GoodGuide, a startup that ranks goods on how sustainable they are, has released its latest green rankings for cell phones. The company rated 576 cell phone products and says the top rated phones have energy efficient chargers and are made of more sustainable materials, and the manufacturers that are producing those green phones are doing so in a more environmentally friendly and socially-responsible way, and also have strong recycling programs.
You probably notice as you peruse the list, sustainability sometimes doesn’t have a lot to do with popularity of the devices themselves; green-marketed cell phones aren’t really making a dent in handset sales, and leading devices like the iPhone (s aapl) rank somewhere in the middle of the scale. However, Nokia (s nok) took the entire top 26 greenest overall cell phones, starting with the Nokia C6 cell phone, and Nokia continues to be the world leader in cell phones sales, having sold 461.31 million phones in 2010.

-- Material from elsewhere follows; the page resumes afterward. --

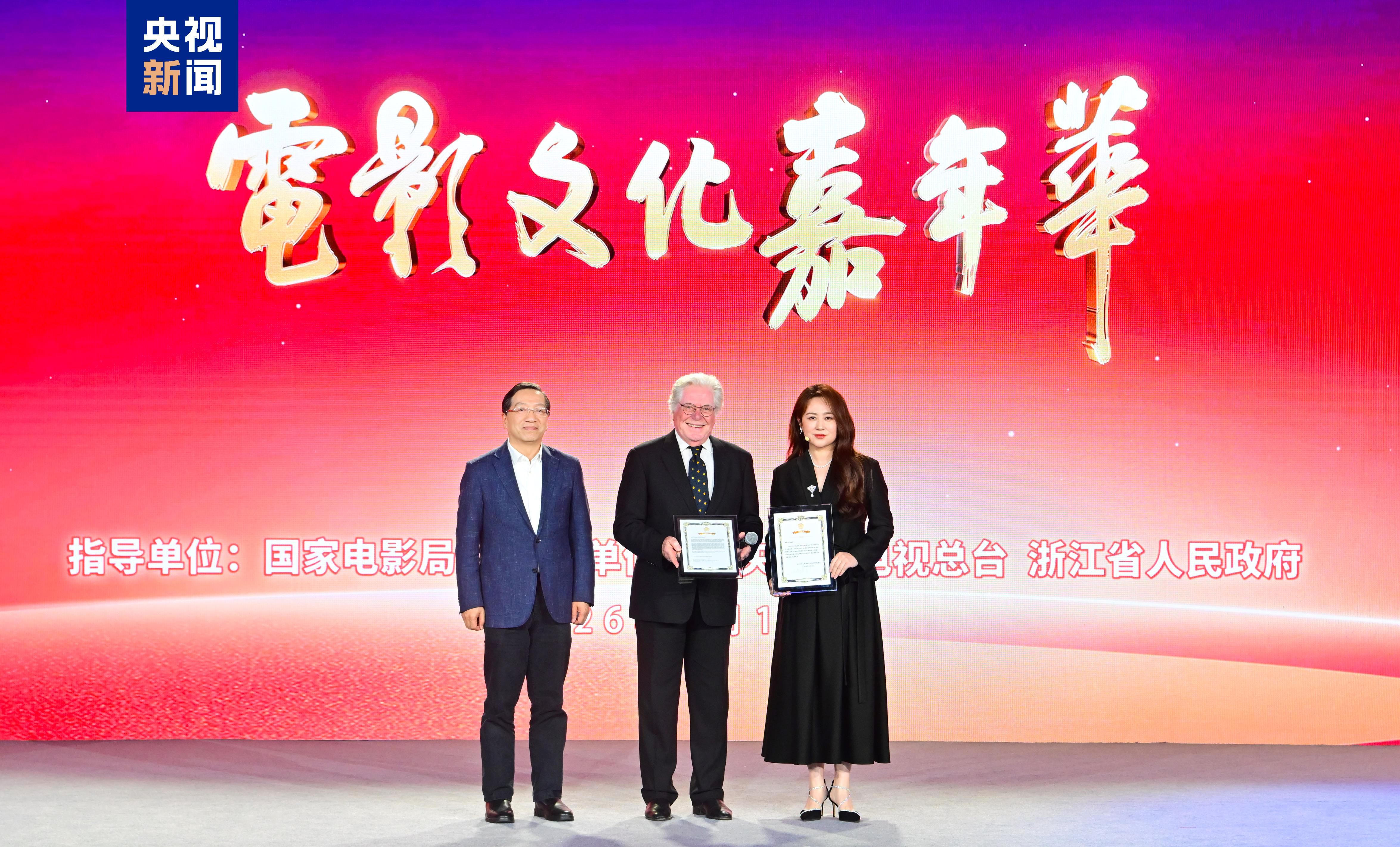 活动现场,演员靳东、王学圻、刘烨、马丽、王志飞获颁“电影文化推广大使”证书。他们表示,将用实际行动和更多优秀作品,用心用情讲好中国故事,为中国电影文化传播尽一份责任与力量。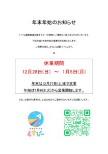 えすぴーの今年の年末年始のお休みは

Here’s how some of the more popular devices stack up on GoodGuide’s list:
- iPhone 4: 5.6. Apple was dinged for a lower than average score in society for “ethical policies and performance.”
- HTC Android Incredible: 5.3 — HTC got average scores for environment and society.
- BlackBerry Torch: 3.3. BlackBerry devices (s rimm) rated on the bottom for environmental “use of resources,” and in society for “labor and human rights.”
- BlackBerry Curve 3G: 3.3. The BlackBerry Curve 3G rated the same as its cousin, the Torch (above).
- Motorola Droid X: 6.5. Motorola (s mmi) received high marks for making phones free of BFR and PVC, and also generated an above-average score in ethical policies and performance.
- Nokia N8: 7.7. Nokia crushed it across all categories and for both high- and low-end phones.
GoodGuide, which launched in September 2008, also ranks appliances and lighting (as well as all types of consumer goods), and is backed by venture firms New Enterprise Associates and Draper Fisher Jurvetson. GoodGuide’s researchers collect product data, which comes from hundreds of private and public sources, among them government, nonprofits, and private, third-party research firms.
The data collection process and the rating system are meant to create a sense of trust and authority for the site. However, getting visitors to see such ratings as trust-worthy and authoritative will be difficult. Good Guide’s success at earning consumers’ trust depends as much on marketing and outreach as on actual practices.